Что отвечать, он не знал. Самому по ночам казалось, что бесконечные ливни в сезон муссонов заливают могилу сына, и он не мог избавиться от одного и того же видения — крошечного тельца, в белом костюмчике, в котором сына положили в гробик, промокшем от бесконечных дождей. Тело сына за эти годы, наверное, подверглось гниению, но он видел его таким, каким видел последний раз, уезжая в рейд. Светлые вьющиеся волосики. Белая рубашечка…
Год назад Витора перевели обратно на континент. Летом жена поехала в Фатиму, на крестный ход. Вернулась умиротворенная. Понесла через две недели после Фатимы, но сказала не сразу, словно боялась поверить.
О беременности жены он узнал уже в сентябре, вернувшись из Эворы, где началось все, что не начаться не могло, — движение капитанов, в центре которого вместе со своими сослуживцами и друзьями был он, капитан Витор Сантуш. В его зоне ответственности при организации этого заговора была и вещающая на всю страну телестанция. И популярная ведущая Эва Торреш, которая, по их расчетам, в решающий момент должна выйти в прямой эфир, чтобы рассказывать стране о происходящем.
И кто же знал, что все так совпадет — дело его жизни, вымоленный у Бога ребенок и Эва.
Эва…
В Эворе они, двадцать военных — два лейтенанта, три майора, остальные все капитаны, — задумали то, что должно прийти к своему завершению сегодня, сейчас. Сейчас, когда под окном Эвы стоит самый известный секретный агент тайной полиции Монтейру. Агент, которого раньше власти бросали на убийства самых страшных врагов режима, как Делгаду и Мондлане, реально представляющих для власти угрозу. Значит, и ведущую Эву Торреш, любимицу нации, которая может выйти в эфир и склонить население на их сторону, власть считает реальной угрозой своему существованию.

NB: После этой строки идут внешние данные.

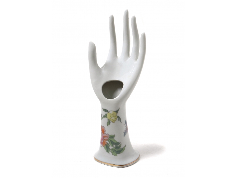 Фарфоровая подставка в виде руки, декорированная изображением цветов.
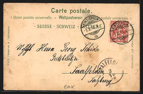 gelaufen 1898, Eckknick li. oben, guter Zustand
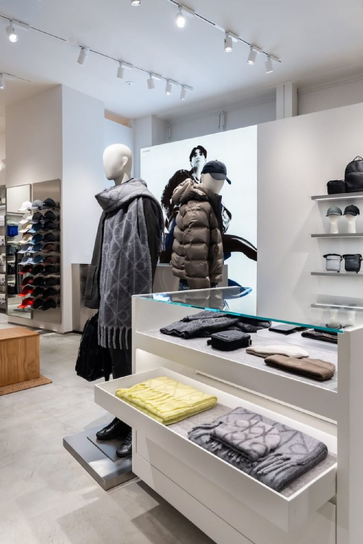 同店では、オープンを記念し、ホリデー限定ラインアップを揃えている。ウールベースのスカーフは起毛感があり、秋冬アウターのアクセントになるデザイン。アルパカブレンドのニットキャップは空気を含んだ柔らかな質感が魅力だ。4万円(税込)以上購入でジョングク着用オリジナルピンをプレゼントする特典も用意している。

И теперь из-за их заговора, из-за него, Эве грозит смертельная опасность. Ровно когда жена может в любой момент родить. Срок ей поставили конец апреля — начало мая, но что-то тайно высчитывая по своим особым приметам, жена уверена, что родит до 25 апреля.
Сегодня 24-е.
Сегодня должно решиться все.
— Схватки в прошлый раз у тебя длились десять часов.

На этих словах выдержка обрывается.